Here I share some scripts I used to help me on training char-rnn to learn to compose tunes in ABC notation.
I keep a blog called RNN music of the day where each day I posted one tune generated by this method.
I don't share my dataset as I'm not sure about possible copyright issues.
You'll need to install Torch and the other requirements from char-rnn. Just follow the instructions.
I rely heavily on system calls to get the job done, so you'll need to install some tools on your machine for these scripts to work:
Some python modules that can be installed by:
pip install beautifulsoup4 requests
Beautiful Soup is used by a crawler I wrote to get some more data.
We also need a dataset (obviously) and some soundfounts to convert the generated music to MP3.
Let's see we can get files to train the network.

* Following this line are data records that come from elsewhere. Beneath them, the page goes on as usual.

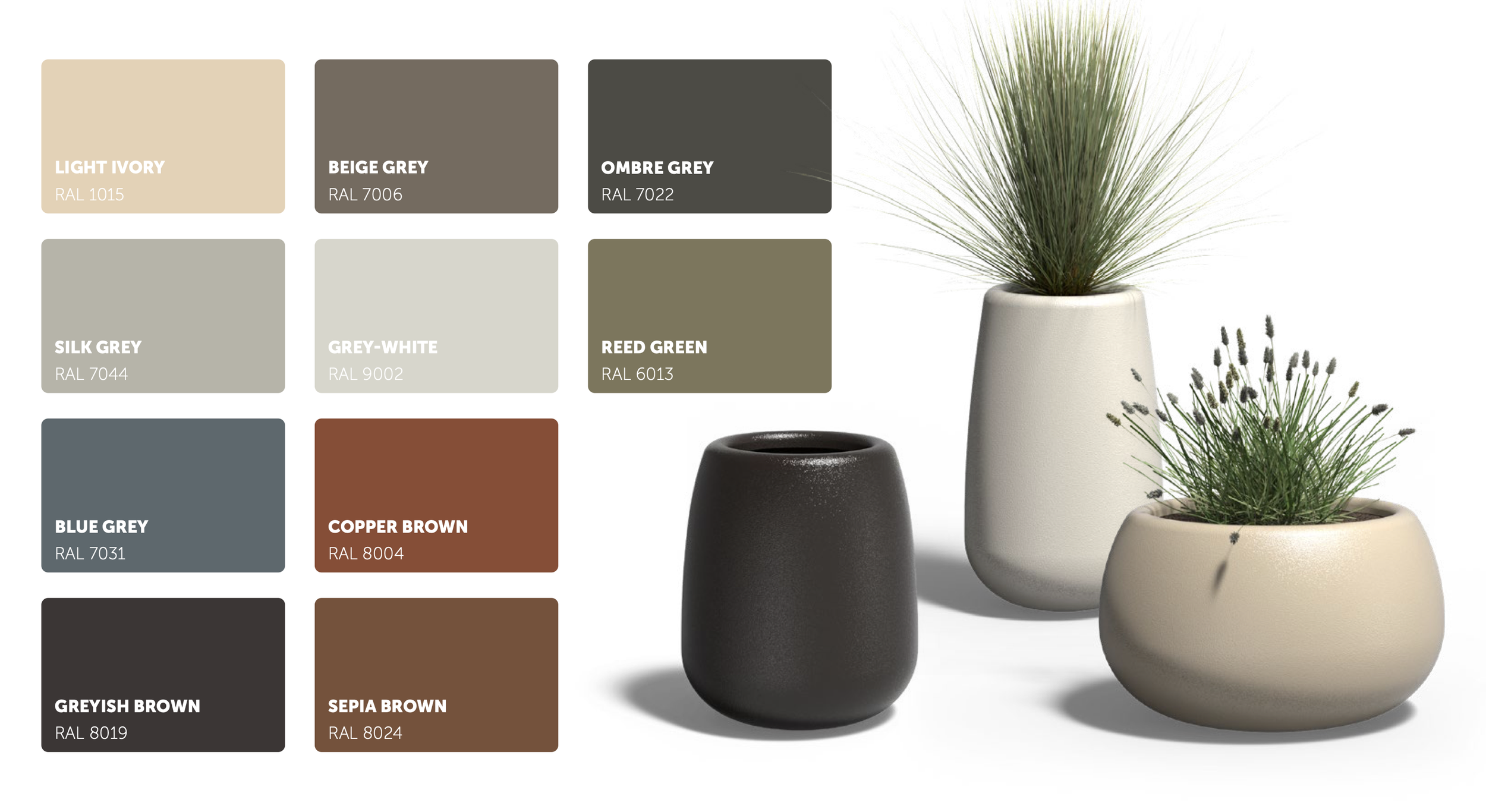 Earthy Colour Palette: Available in soothing, natural tones that harmonize perfectly with your garden's environment.
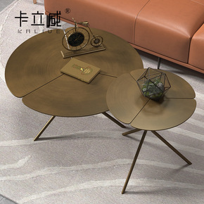 北欧客厅铁艺茶几套装简约风沙发边几玄关茶桌金色花纹...
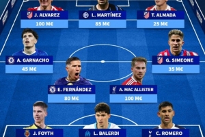 中场:恩佐、麦卡利斯特、加纳乔、朱利亚诺·西蒙尼
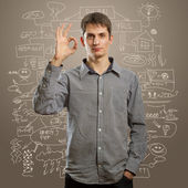 człowiek pokazuje ok
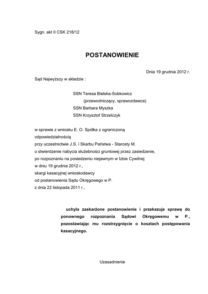Sygn. akt II CSK 218/12 POSTANOWIENIE Dnia 19 grudnia 2012 r. Sąd Najwyższy w składzie : SSN Teresa Bielska-Sobkowicz (przewodniczący, sprawozdawca) SSN Barbara Myszka SSN Krzysztof Strzelczyk w sprawie z wniosku E. O. Spółka z ograniczoną odpowiedzialnością przy uczestnictwie J.S. i Skarbu Państwa - Starosty M. o stwierdzenie nabycia służebności gruntowej przez zasiedzenie, po rozpoznaniu na posiedzeniu niejawnym w Izbie Cywilnej w dniu 19 grudnia 2012 r., skargi kasacyjnej wnioskodawcy od postanowienia Sądu Okręgowego w P. z dnia 22 listopada 2011 r., uchyla zaskarżone postanowienie i przekazuje sprawę do ponownego rozpoznania Sądowi Okręgowemu w P., pozostawiając mu rozstrzygnięcie o kosztach postępowania kasacyjnego. Uzasadnienie 2 Sąd Rejonowy w S. postanowieniem z dnia 19 kwietnia 2011 r. oddalił wniosek E. sp. z o.o., przy uczestnictwie J. S. oraz Skarbu Państwa – Starosty M., o stwierdzenie nabycia służebności przesyłu przez zasiedzenie. Z ustaleń wynika, że J. S. jest właścicielem nieruchomości położonej w K., obejmującej działki nr 11/1, 36 i 37, dla której Sąd Rejonowy w S. prowadzi księgę wieczystą KW nr /…/. Na tej nieruchomości znajdują się urządzenia energetyczne w postaci linii napowietrznej 110 kV, dwóch linii napowietrznych 15 kV, linii napowietrznej 0,4 kV oraz stacji transformatorowej. Jedna z linii 15 kV powstała w latach 60 - tych XX wieku, a linie 15 kV i 110 kV powstały około 1974 r. Na nieruchomości wymieniane były słupy i stacja transformatorowa. W razie awarii pracownicy przedsiębiorstwa energetycznego celem jej usunięcia wchodzą na teren nieruchomości, a nadto raz na 5 lat dokonują sprawdzenia stanu technicznego linii energetycznych. Na wejście na nieruchomość uczestnika J. S. wnioskodawca ma jego pisemną zgodę. Początkowo z urządzeń posadowionych na nieruchomości korzystało przedsiębiorstwo państwowe Zakład Energetyczny P., które aktem notarialnym z dnia 12 lipca 1993 r. zostało przekształcone w jednoosobową spółkę akcyjną Skarbu Państwa o nazwie Energetyka P. S.A. i która w dniu 2 stycznia 2003 r. stała się częścią Grupy Energetycznej E. S.A., nazywającej się od 13 października 2004 r. E. S.A. W dniu 30 czerwca 2007 r. E. S.A. zbyła na rzecz wnioskodawcy E. O. sp. z o.o. zorganizowaną część przedsiębiorstwa przeznaczoną do realizacji zadań gospodarczych związanych z dystrybucją energii elektrycznej. Sąd Rejonowy uznał, że przed ustawowym uregulowaniem służebności przesyłu (art. 3041 – 3054 k.c.), dopuszczalne było, na podstawie art. 352 § 1, art. 292 oraz art. 3054 k.c., nabycie w drodze zasiedzenia służebności odpowiadającej treści służebności przesyłu na rzecz przedsiębiorstwa, wnioskodawca nie spełnił jednak ustawowych przesłanek. Na nieruchomości wzniesione zostały trwałe i widoczne urządzenia, jednak nie została spełniona przesłanka samoistnego posiadania nieruchomości przez wnioskodawcę, albowiem przedsiębiorstwo przesyłowe uzyskiwało zgodę pisemną właściciela nieruchomości na wejście na teren nieruchomości celem wymiany urządzeń energetycznych. Świadczy to o braku woli korzystania z nieruchomości w zakresie służebności gruntowej 3 odpowiadającej służebności przesyłu. Wniosek podlegał oddaleniu również dlatego, że w toku postępowania nie udało się ustalić, kiedy dokładnie poprzednik prawny wnioskodawcy wszedł w posiadanie służebności. Sąd podkreślił, że na nieruchomości znajdują się cztery linie energetyczne i stacja transformatorowa, które powstały w różnych latach. Wnioskodawca nie wykazał, kiedy te urządzenia powstały i kiedy przystąpiono do eksploatacji wszystkich linii energetycznych. Nie można zatem, zdaniem Sądu, ustalić czy upłynął wymagany termin zasiedzenia. Postanowieniem z dnia 22 listopada 2011 r. Sąd Okręgowy oddalił apelację wnioskodawcy od powyższego orzeczenia. Sąd ten podzielił dokonane ustalenia faktyczne. Nie podzielił natomiast oceny, że charakter posiadania wykonywanego przez wnioskodawcę i jego poprzedników prawnych w stosunku do znajdujących się na nieruchomości uczestnika J. S. urządzeń nie mógł prowadzić do zasiedzenia służebności. Powołując się na treść art. 336 k.c. oraz art. 292 k.c. wskazał, że do zasiedzenia służebności gruntowej nie ma zastosowania wymaganie posiadania samoistnego (art. 172 § 1 k.c. w zw. z art. 336 k.c.). Wystarczające w tym zakresie jest ustalenie istnienia posiadania zależnego w zakresie odpowiadającym służebności przesyłu. Posiadanie wnioskodawcy i jego poprzedników prawnych było wykonywane z zamiarem korzystania z posadowionych na gruncie urządzeń energetycznych dla siebie, o czym może świadczyć fakt, że wnioskodawca korzystał z nich nieodpłatnie. Wniosek podlegał jednak oddaleniu z uwagi na niewykazanie przez wnioskodawcę daty, w jakiej przystąpił do eksploatacji tych urządzeń. W ocenie Sąd Okręgowego, początek biegu terminu zasiedzenia należy utożsamiać nie z momentem wybudowania trwałego i widocznego urządzenia, lecz z momentem przystąpienia do korzystania z niego w zakresie odpowiadającym treści służebności. W skardze kasacyjnej, opartej na podstawie naruszenia przepisów prawa materialnego (art. 3983 § 1 pkt. 1 k.p.c.), wnioskodawca zarzucił naruszenie art. 292 k.c. w związku z art. 3054 k.c. i 172 k.c. poprzez niewłaściwe zastosowanie i przyjęcie, że w ustalonym w sprawie stanie faktycznym wykonywanie przez wnioskodawcę na nieruchomości uczestnika J. S. prawa służebności odpowiadającego treścią służebności przesyłu nie doprowadziło do nabycia 4 służebności w drodze zasiedzenia przez wnioskodawcę. W konkluzji wnosił o uchylenie w całości zaskarżonego postanowienia i orzeczenie co do istoty sprawy, ewentualnie przekazanie sprawy do ponownego rozpoznania. W odpowiedzi na skargę kasacyjną uczestnik postępowan
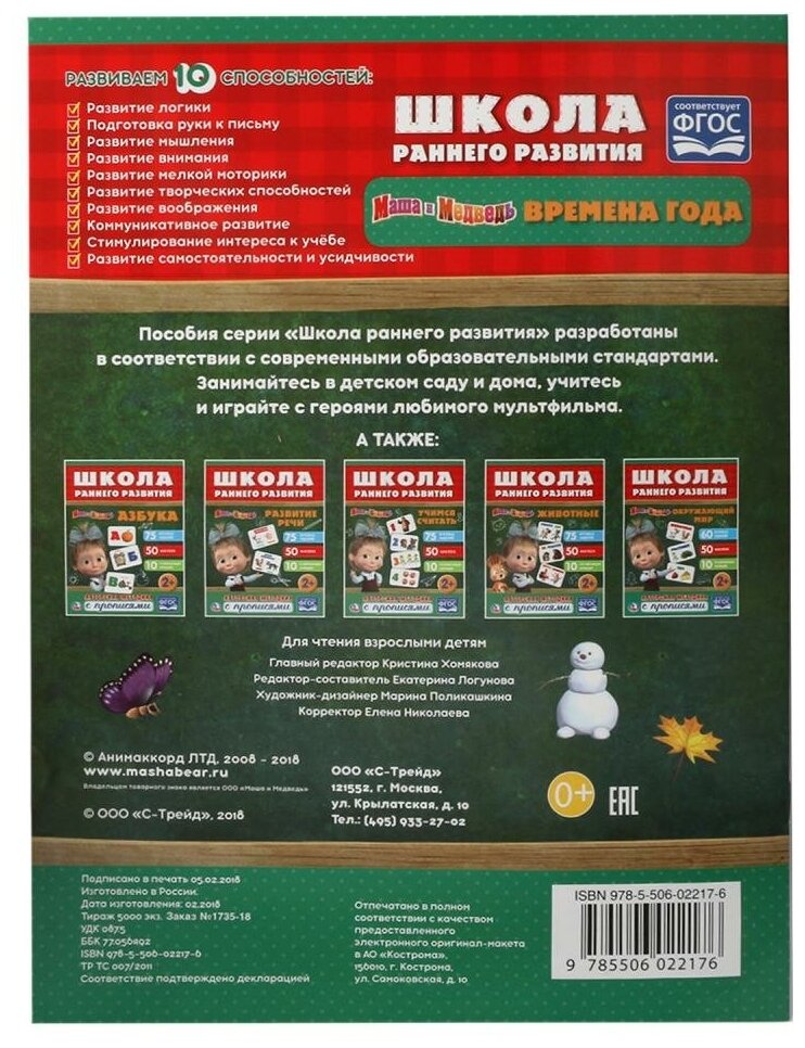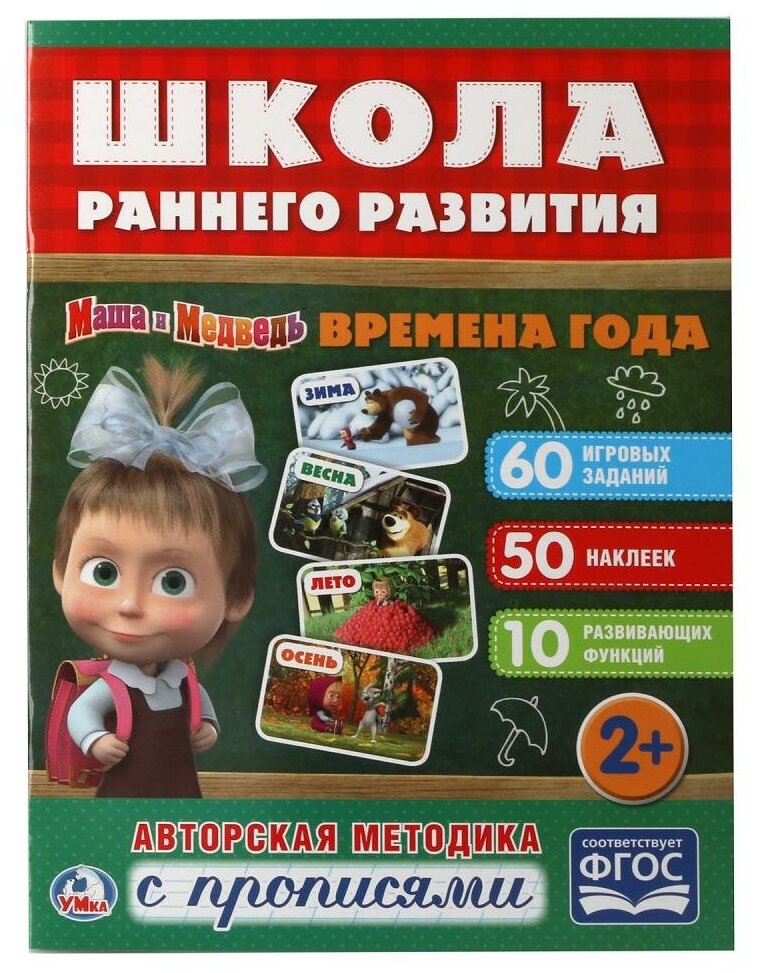 "Школа раннего развития" - новейшая серия пособий по обучению малышей с 2-х лет! Книга с наклейками и прописями "Времена года" содержит 75 игровых заданий, 50 красочных, многоразовых наклеек и 10 развивающих функций по эксклюзивной методике ТМ "Умка". Всё это сделает процесс изучения времён года и их особенностей увлекательным и продуктивным. На страницах ребёнок найдёт изображения любимых героев мультсериала "Маша и Медведь". Простые задания-прописи помогут подготовиться к письму. Пособия серии "Школа раннего развития" разработаны в соответствии со стандартами образования, поэтому станут незаменимыми помощниками при подготовке к школе. Авторская методика развивает мышление, логику, внимание, самостоятельность, усидчивость и интерес к учёбе.
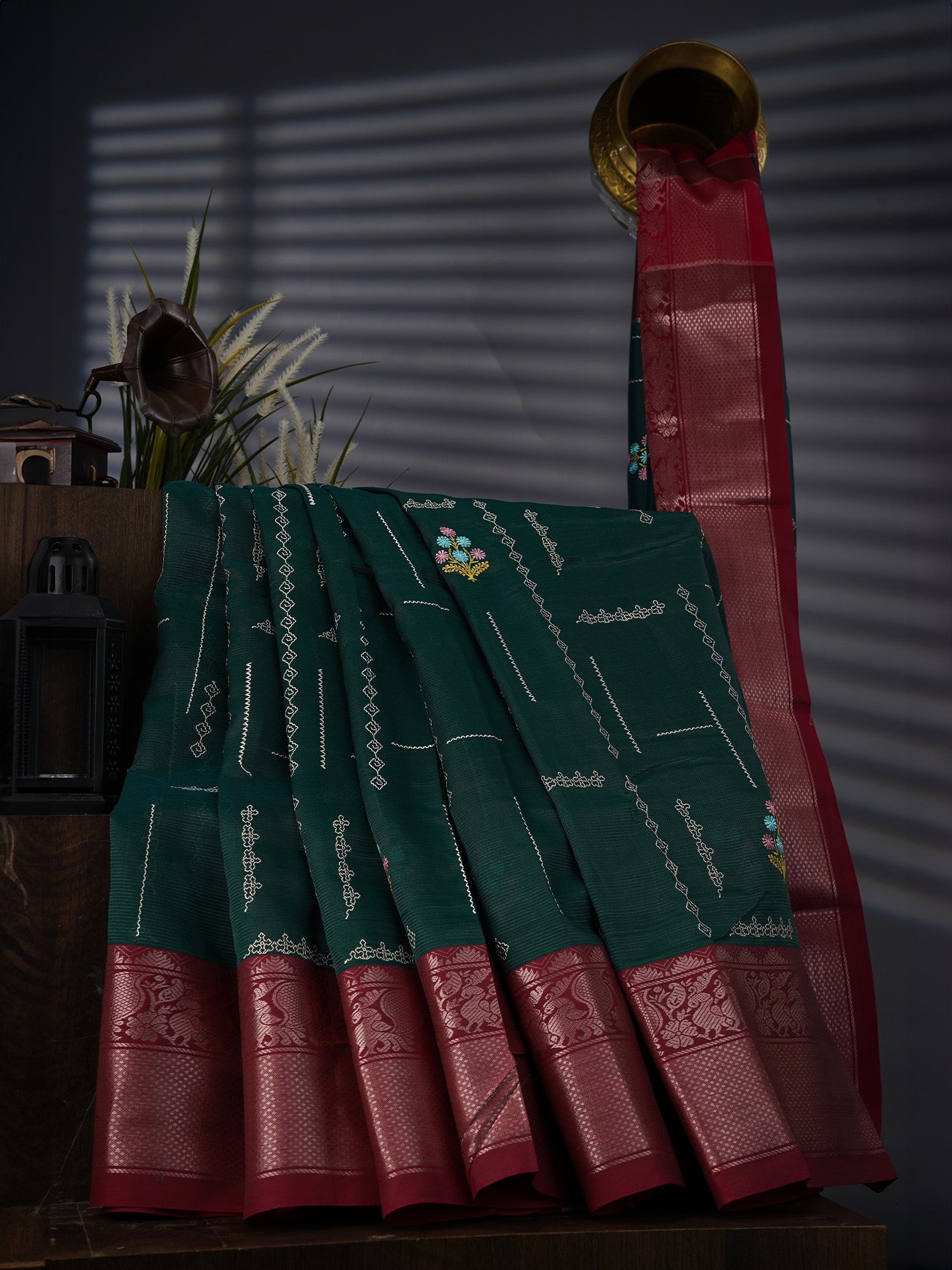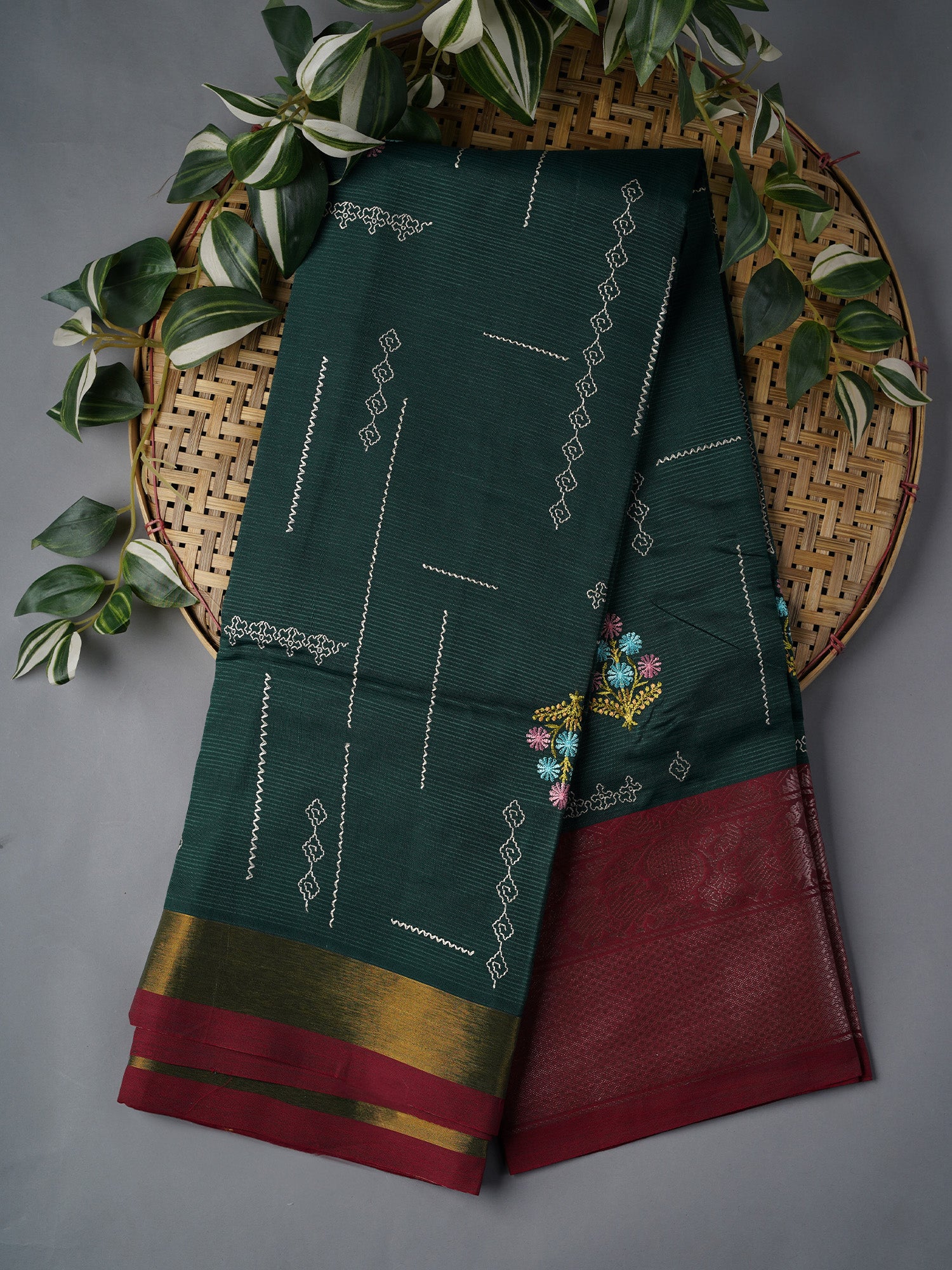 Mangalagiri Silk With Thread Embroidery Work And Contrast Border - Bottle Green

I searched the web with preference to huge ABC collecions. The most important files I found are these:
- Combined_Tunebook.abc
- HAN1.abc and HAN2.abc (Chinese tunes)
- nyfte.abc
- All collections from http://www.lesession.co.uk/music/
- All collections from http://www.norbeck.nu/abc/
- All collections from http://abc.sourceforge.net/NMD/
- The entire Hanny Christen collection from https://www.dropbox.com/sh/flddgymslo57zvl/AAAz5s386GT0d4amGpHb8wDXa
- Some random books from http://www.campin.me.uk/
- Some random collections from http://www.cranfordpub.com/tunes/abcs/abc_tunes.htm
- Most files with than 50 tunes from http://www.paulhardy.net/
- Books 1 to 46 from http://trillian.mit.edu/~jc/music/book/SCD/
- Tunes from a Dropbox user: use the
get_u_4496965_data.py
script. These are some nice tunes from
From the above links, I must emphasize the Hanny Christen collection of Swiss folk music for two reasons: it's huge with over 10000 tunes (about 4.4 MB after I preprocessed it) and all it's musics have chords, giving rise to richer compositions. I have indeed trained the network on this data alone and got great results.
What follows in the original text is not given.